Saturday, January 23, 2010

intro to adoption

The only tradition from my mom's family that I cared to carry on was the fact that all of the women in her family had their first child at the age of 25. So my plan was to learn about adoption and to adopt my first child at the age of 25.

Now, there was no husband in my world, no one on the horizon, and I guess while that seemed important to anyone else I told of my plan to adopt, it never really was a thought to me. I kind of had my life laid out. I was going to be a director of a child care center, and I would adopt my first child when I was 25... if a man entered my life and could fit that timeline GREAT, but if not, he would find me eventually and would enter my life and the life of my son----the one blessing I found in the fact that I was going to adopt was that I could try to adopt a son rather than a daughter.

I was kind of a tom boy, and really enjoyed the rough tumble play of boys, I loved watching them building with blocks, and playing ball, and basically just didnt understand why girls played with things like barbie dolls.

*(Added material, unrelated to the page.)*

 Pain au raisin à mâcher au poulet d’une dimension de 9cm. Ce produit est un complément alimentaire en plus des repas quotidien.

So to me the consolation prize to adopting a child, was that maybe my odds were a little better that I would adopt a son rather than a daughter at least for my first child.

So I set off on the path of adoption- after having my home studied, obtaining references on why I would be a good mom, and finding an adoption agency that would work with me, life was on track to meet my timeline!

quick intro to me

In addition to being a single mom, cause there has to be more to me than that right? I am also a nursery school director. I have known forever that I wanted to work with children. My entire life, since the age of 12 I have worked in child care. Kids seem to "get" me, and I guess people would say I understand them too.

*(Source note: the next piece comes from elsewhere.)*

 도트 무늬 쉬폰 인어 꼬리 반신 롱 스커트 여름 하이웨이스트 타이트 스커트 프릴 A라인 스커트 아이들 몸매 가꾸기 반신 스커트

I have known forever that I wanted to be a mom and that my life would center around children. Actually I guess the fact that I would eventually adopt my children, came at around the same age as the time that I knew that my life work would be with children. Between the ages of 15-21 I had my ovaries removed a little at a time due to huge ovarian cysts. Throughout those lovely young adult years, it seemed like God was playing his first joke on me....it is pretty cruel and unusual as a teenage girl to have to wrestle with grown up things like talking to doctors about ovaries.....On top of that to deal with the reality that I was going to lose the ability to have my own children, seemed like a horrible joke!

Thankfully, when I was well enough I would go to work after school and play with the kids, watch them riding bikes, swing on the swings, and play hide and seek. I quickly came to realize that if I was able to love the kids at work, and care for them, that I would also be able to adopt children and love them as my own....so at the age of 21 the final remaining piece of my left ovary was removed and from that moment on all the time I had put into recovery now went into me trying to figure out how adoption works!

Explaining the Blog title

There comes a point in time where as a single mom you have just dealt with enough dirty diapers, enough accidents, basically ENOUGH POO! One might think when I tell them that my kids are 8, 6 and 3 that I should be at that point...but sadly, while my youngest has been toilet trained for almost 6 months, he is still the only one that is consistently trained and reliable.

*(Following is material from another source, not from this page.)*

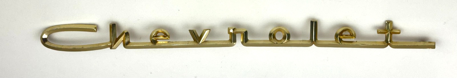 - 1957 Chevrolet Bel Air V8 Gold Hood Trunk Script, Emblem, Badge - In good condition for an original piece. - One mounting tab is broken off - Please look at pictures closely, to see what you would be purchasing. _\*\*\*I have identified these items to the best of my ability. You are purchasing this item as is, so please review pictures thoroughly. I can always send you more pictures if requested. Thank you for your business.\*\*\*_ _S-Deals_ The 1957 Chevrolet Bel Air V8 Gold Hood Trunk Script, Emblem, Badge is a vintage part manufactured by GM in the United States. Made of aluminum, it features a classic design specific to the Chevrolet Bel Air model from 1957. The script, emblem, and badge add a touch of authenticity and nostalgia to the vehicle's exterior, making it a sought-after accessory for car enthusiasts looking to restore or customize their vintage Chevrolet vehicles.
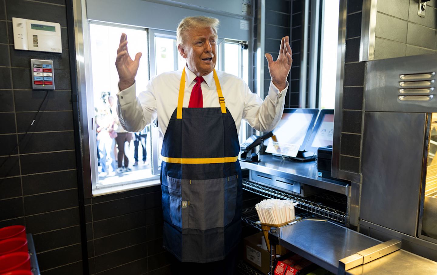 The episode was a Potemkin spectacle—the franchise was actually closed to customers for the photo-op, and the customers Trump pretended to serve were MAGA supporters pre-vetted by the Secret Service; those faux customers even did trial runs through the restaurant’s drive-thru lane in advance of Trump’s star turn. Trump and his team had been touting his appearance over the past week as a means of trolling his Democratic rival, Vice President Kamala Harris, who has referred to her own summer job at a Bay Area McDonald’s in 1983 as part of her middle-class upbringing. Trump has branded Harris’s claim a lie without offering any evidence for disbelieving it—so when his stint behind the fryers was over, he bragged that he’d worked at McDonald’s 15 minutes longer than Harris has.

My 8 year old was trained or so I thought from October through December, then maybe because of the new year, or maybe because he wanted to try a new detergent, or maybe just because, suddenly it was January 2010 and we were back to having accidents and hiding dirty underwear.

As for my 6 year old, if only they made a stand up toilet that you could poop in, he might be closer to being trained. However, he still has not mastered the art of pooping in a toilet, so as long as he has a pull up on around 4:00 everyday he poops and then gets cleaned up. During December school vacation, I thought, hell if we just USE the TOILET everyday around 4 he should be trainable! Apparently, what that leads to is one HELL of a case of constipation in a little man who is well known for being a control freak.

So basically, the long and short of it is, if you can't beat 'em, join 'em... when you have dealt with crap for as long as I have, and as often as I have.....it just seemed fitting to include that in the blog title!